The AP reported on youngsters and families skipping school for different reasons over months. Some are homeless, scared of COVID-19, or abroad. Students who couldn’t study online worked.

Some pupils fell so far behind academically and developmentally after lengthy online schooling that they no longer knew how to behave or study at school. Many of these children are on school rosters while being absent. That makes counting missing students difficult.

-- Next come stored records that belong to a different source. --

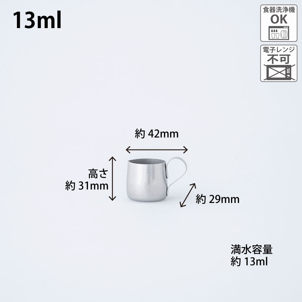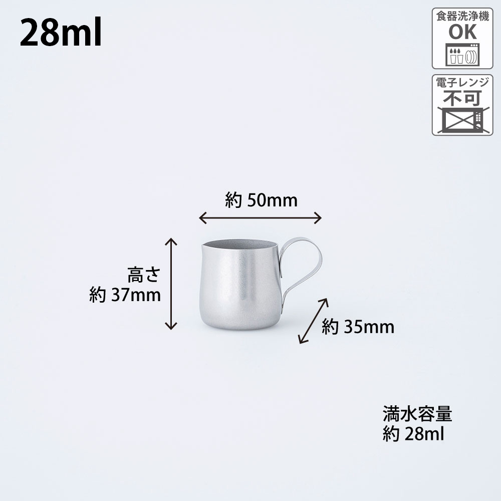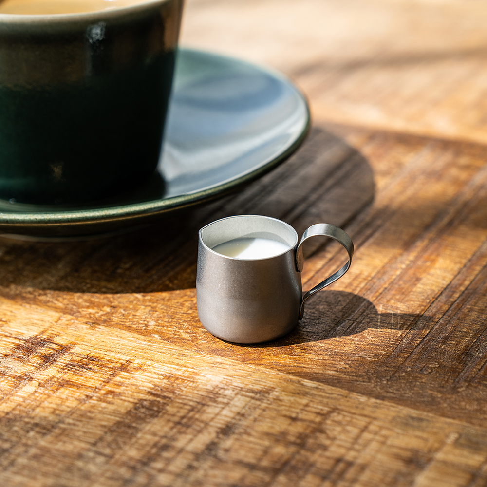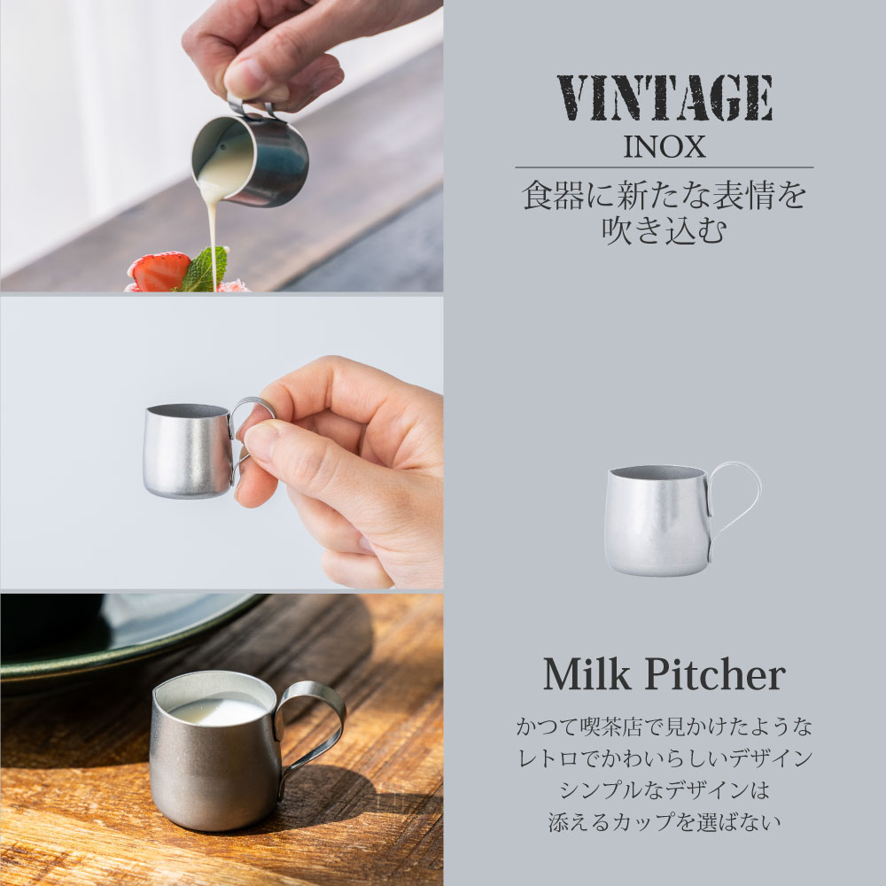 喫茶店で出てきそうな、どこか懐かしさを感じるレトロで愛らしい形状のコーヒー用ミルク入れです。ステンレスにヴィンテージ加工を施した独特な味わいはインダストリアルな雰囲気漂い、渋く格好いい。気取らずシンプル、それでいてスタイリッシュに空間を演出し優雅なコーヒータイムを演出します。使い込むほどにいろんな表情を見せ経年変化を楽しめるのも魅力のひとつ。おもてなしや来客時にコーヒーや紅茶にフレッシュミルクを添えてサーブする時も重宝します。フレッシュミルクだけでなくシロップやソースなどを入れて使うのもおすすめです。注ぎ口が上向きになっているデザインで液だれしにくい作りになっています。
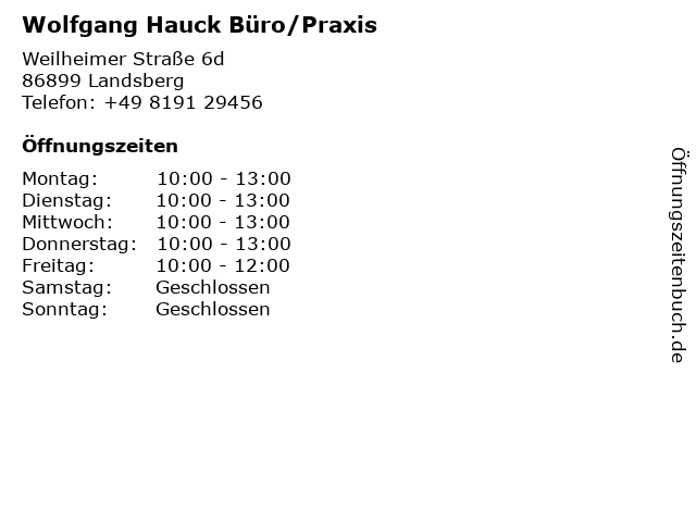 | Öffnungszeiten Wolfgang Hauck Büro/Praxis in Landsberg anzeigen | |
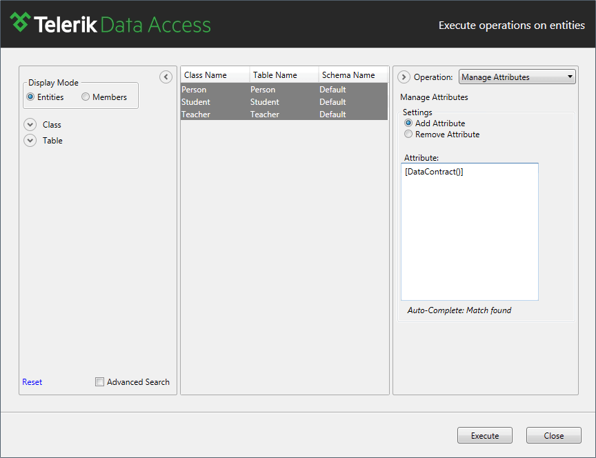 The Manage Attributes Model Operation lets you quickly and easily add and remove attributes for multiple entities or members at once. We will use this model operation to add DataContract attribute to our entities and DataMember to their members.
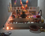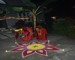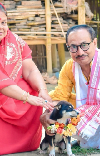 The third day of Tihar Parva, which is the amavasya (new moon) day, is considered to be the most important and is reserved for Goddess Lakshmi’s worship. During the day, people worship cows and, in the evening, they light diyas and decorate their households with light to worship the goddess of wealth, Lakshmi. Once Lakshmi worship is complete, people perform bhoili song and nritya (dance). Generally, the girls perform the bhoili song and dance in honour of Bali, the king of demons. In this way, by performing bhoili song and dance, people enjoy this auspicious night as they forget their worries and pains. The singing and dancing stretches over to the next two days as children make merry while women prepare seal roti (a type of bread). Since the Nepali community in Assam also shares the belief that on the third day of Tihar Parva Lord Ram returned to Ayodhya after defeating Ravana and took charge of his kingdom, people light diyas at night to celebrate his victory and also call Diwali, Deepavali (the festival of lights).
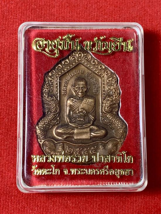 ((แดงที่100))เหรียญหลวงพ่อรวย รุ่น "อายุมั่น ขวัญยืน" ปี 2555 เนื้อทองแดงซาติน
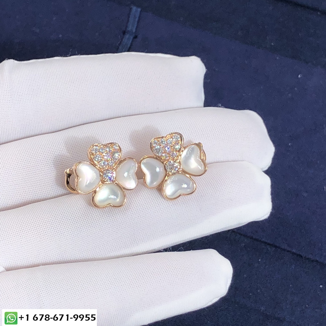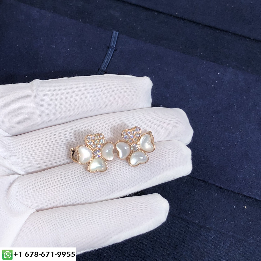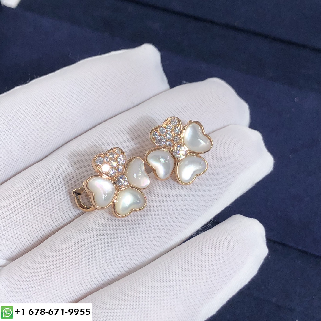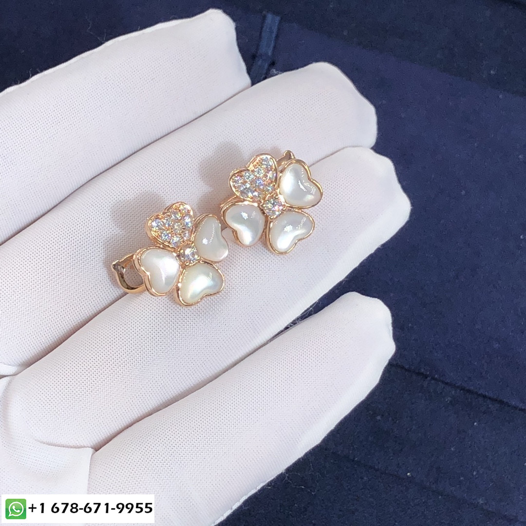 أقراط VCA Cosmos المصنوعة حسب الطلب من الذهب الوردي عيار 18 قيراطًا,6 عرق اللؤلؤ الأبيض مع 20 الماس المستدير المجموع 0.79 ط م,نموذج صغير فان كليف & أقراط أربلز متوفرة أيضًا بالذهب الأصفر عيار 18 قيراطًا والذهب الأبيض عيار 18 عند الطلب.
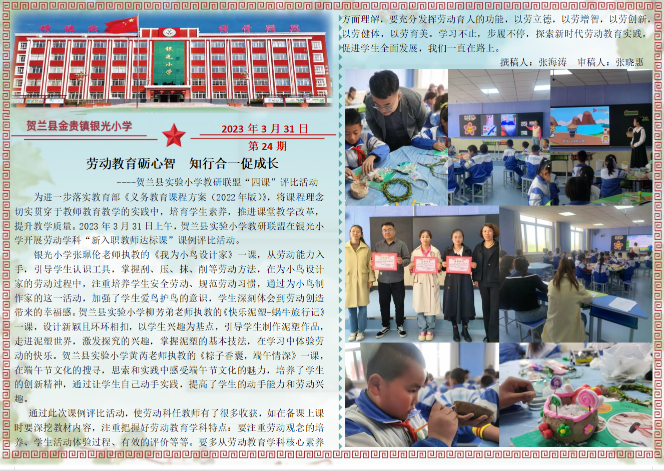 为进一步落实教育部《义务教育课程方案(2022年版)》,将课程理念切实贯穿于教师教育教学的实践中,培育学生素养,推进课堂教学改革,提升教学质量。2023年3月31日上午,贺兰县实验小学教研联盟在银光小学开展劳动学科“新入职教师达标课”课例评比活动。
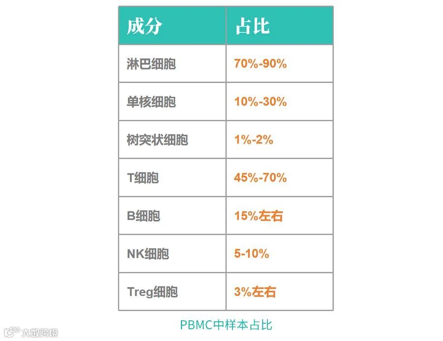 PBMC(外周血单个核细胞)仅包括白细胞中的淋巴细胞,NK细胞,单核细胞等。
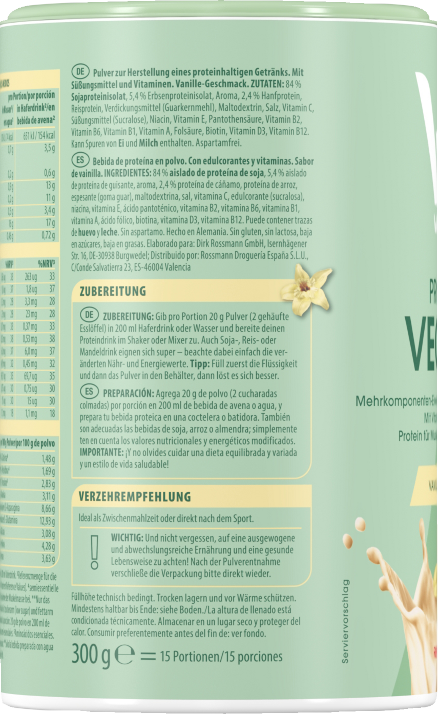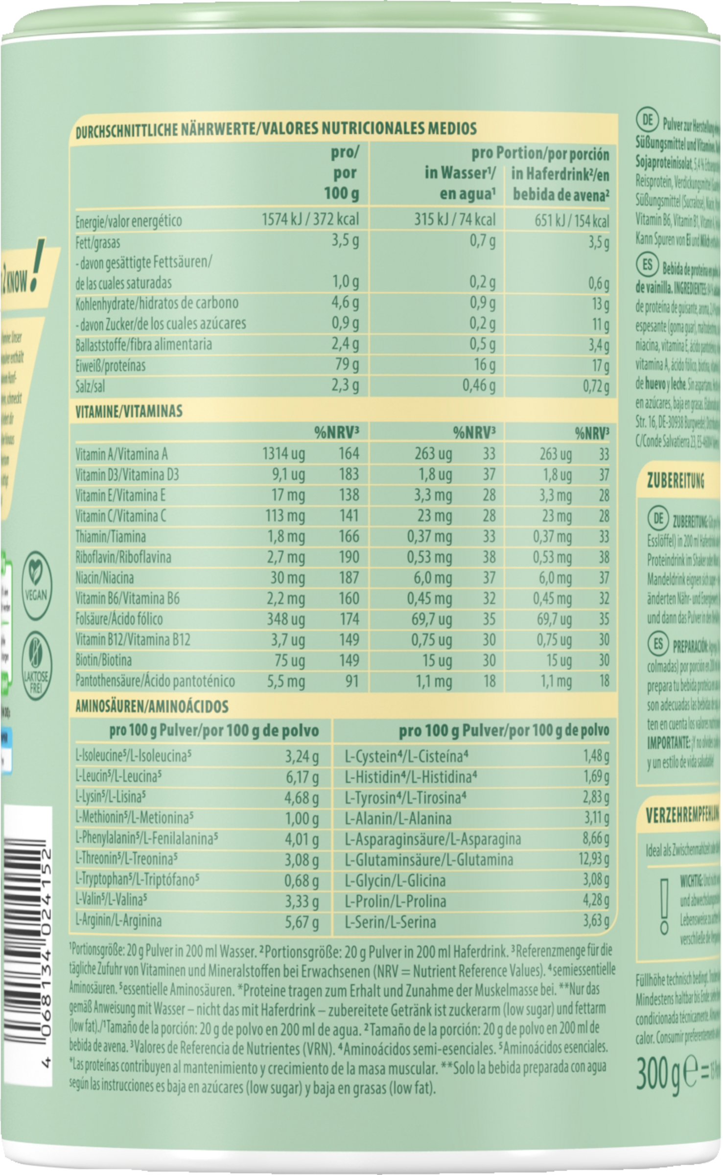84% SOJAproteinisolat, 5,4% Erbsenproteinisolat, Aroma, 2,4% Hanfprotein, Reisprotein, Verdickungsmittel (Guarkernmehl), Maltodextrin, Salz, Vitamin C, Süßungsmittel (Sucralose), Niacin, Vitamin E, Pantothensäure, Vitamin B2, Vitamin B6, Vitamin B1, Vitamin A, Folsäure, Biotin, Vitamin D3, Vitamin B12. Kann Spuren von EI und MILCH enthalten.
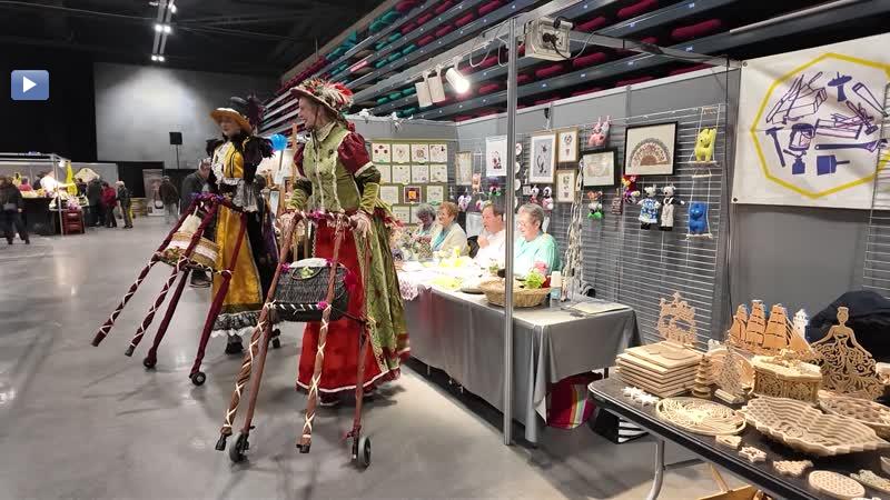 Rencontre avec les Echassières Violette et Marguerite présentent à la Saint Eloi Expo. Itv "Les grandes dames" Violette et Marguerite, Comédiennes échassières.

Before the pandemic, Kailani felt isolated at school. She was unhappy at home and moved to a different math class in ninth grade due to bad marks. Kailani’s new white teaching assistant blamed her for pupils’ misbehavior because she was Black. She quit math.

The pandemic and homeschooling reduced Kailani’s school anxiety. She never returned to school. Cambridge schools spokesperson Sujata Wycoff reported numerous attendees. “concern and compassion towards her and the challenges she was facing outside of school.”

Students Still Missing Post-Pandemic
Students Still Missing Post-Pandemic

AP and Big Local News searched every state for the latest public and non-public school statistics and census projections for the school-age population to determine how many pupils are missing. In the 21 states and D.C. that submitted data, public school enrollment declined by over 700,000 children between 2019-20 and 2021-22.

Those states added almost 100,000 private school students. Over 180,000. However, 230,000 pupils were neither in private school nor home-schooled. Population declines, such as declining birth rates or out-of-state migration, did not explain their absences. California has 150,000 missing students and New York has nearly 60,000.

Missing students may be higher. 29 states and ghost students are not included in the analysis. Some families blame the school system for failing their children. Ezekiel West, 10, reads like a first-grader in fourth grade. Before the pandemic shutdowns, he was moved from school to school because educators couldn’t handle his impulsivity.

His mother battled with school-provided WiFi connections during online learning. In the fall of 2021, he was frustrated that his peers had progressed more. “I couldn’t really learn as fast as the other kids, and that kind of made me upset,” he said.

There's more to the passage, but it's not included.